= Ernst Breidenbach =

German politician (1912–1988)

Ernst Gustav Maximilian Breidenbach (April 11, 1912 in Frankfurt am Main – October 9, 1988 in Hamburg) was a German politician. He was a member of the CDU (Christian Democratic Union) and the Hamburg Bloc. He served as the Senator for Youth and Social Affairs in the Sieveking Senate from 1953 to 1957.

== Early life ==
After graduating from high school, Breidenbach, who was involved in the evangelical youth movement, completed a commercial apprenticeship. Since 1934, he worked as a professional soldier. He was captured as a prisoner of war, and upon release, he assumed leading positions in the Young Men's Christian Association in Hamburg. From 1949 to 1953, he was a member of the board of the German Youth Hostel Association.

Breidenbach got married in 1940 and had three children from the marriage.

== Political career ==
In the 1953 Hamburg state election, Breidenbach successfully ran for the direct mandate, thereby entering the Hamburg Parliament (Hamburgische Bürgerschaft). Following the Hamburg Block's achievement of an absolute majority in the Parliament, formed by the CDU, FDP, DP, and BHE, Kurt Sieveking was elected as the first mayor (Erster Bürgermeister). He appointed Breidenbach to his Senate, where he was responsible for the Youth and parts of the Social Authority.

After being on sick leave for an extended period and spending a three-month cure in Italy, Breidenbach resigned from the Senate position effective July 1, 1957. He had already relinquished his mandate in the Parliament on April 9, 1957. According to his own statement, his resignation occurred 'due to irreconcilable differences with the Senate majority.' A report in the Hamburger Abendblatt in 2002 attributed his resignation to drug problems or medication misuse. His resignation from this office also led to his departure from the CDU's state executive committee, although he remained a party member. Prior to this, the SPD had already criticized his frequent absence and urged Breidenbach to resign.
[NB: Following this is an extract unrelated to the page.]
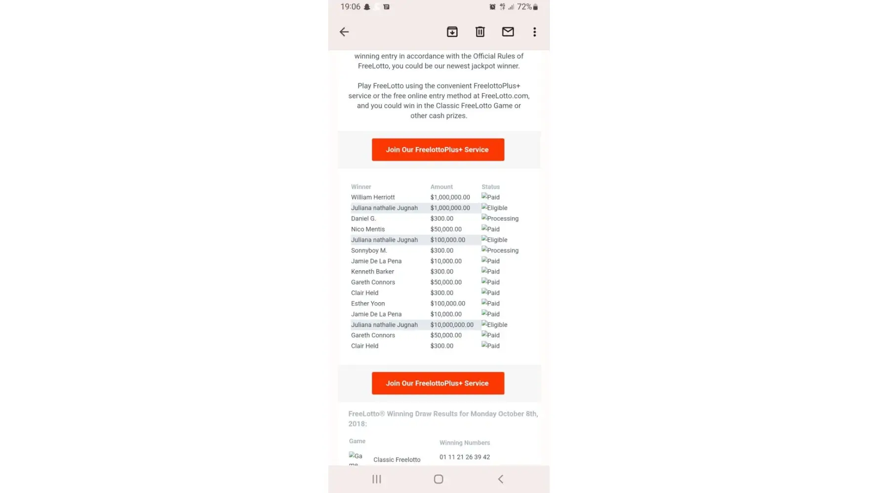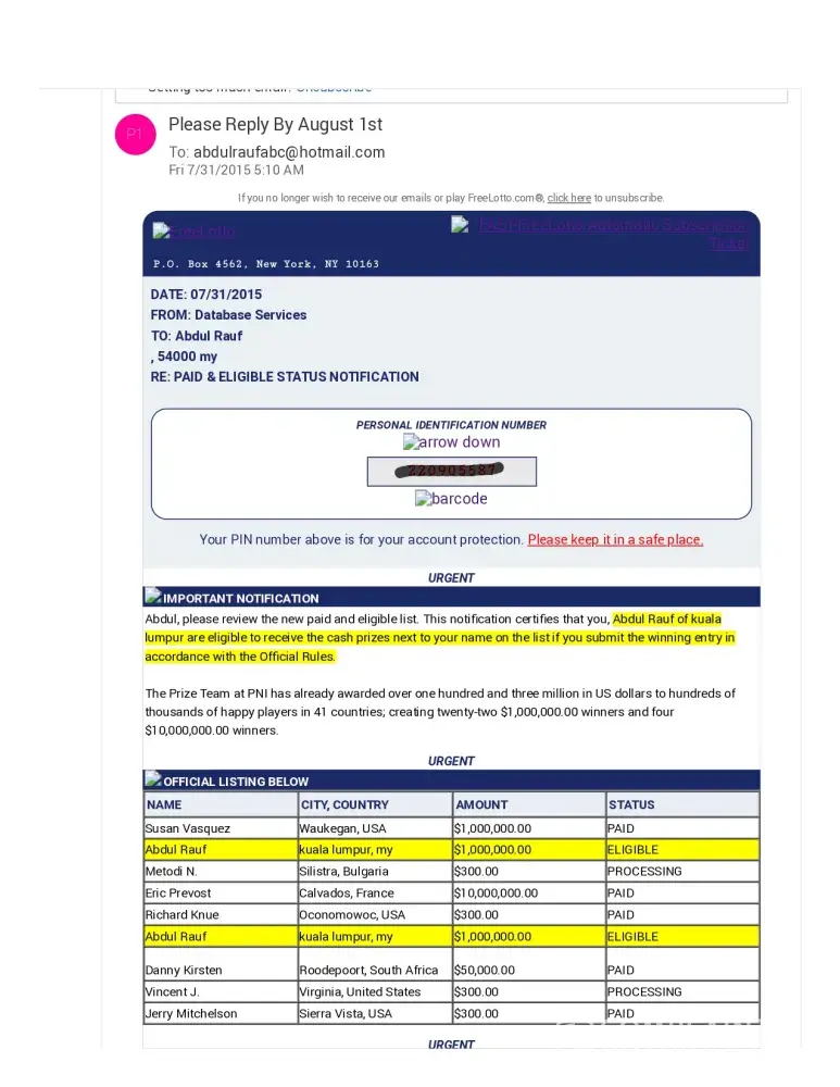 The Prize Team at PNI has already awarded over ninety-nine million in US dollars to hundreds of thousands of happy players in 41 countries; creating twenty-one $1, 000, 000.00 winners and four $10, 000, 000.00 winners. PNI, a sponsor of online sweepstakes, gives away awards of amounts up to ten million US dollars daily. If your name is on the list below, and you submit the winning entry in accordance with the Official Rules of FreeLotto, you could receive a call from our Prize Team letting you know that you are our newest jackpot winner.

Emilie Kiep-Altenloh was appointed as Breidenbach's successor at the helm of the Youth Authority. Previously, she had jointly led the Social Authority with Breidenbach and had acted as interim head of the Youth Authority during his sick leave.

Due to his premature resignation, Breidenbach initially did not qualify for a senatorial pension, which is normally granted after a tenure of four years – Breidenbach had served for three years and seven months. After being declared occupationally disabled, he applied in 1973 for a pension based on a hardship provision. After much debate, he was granted a pension amounting to 26 percent of the salary from his time in office, with a simultaneous offset against further pension entitlements. However, a request to increase the pension, submitted by Breidenbach shortly before his death, was rejected.

== Honors ==
For his services to Protestant youth work, Breidenbach was awarded the Golden World Alliance Needle of the YMCA in 1954.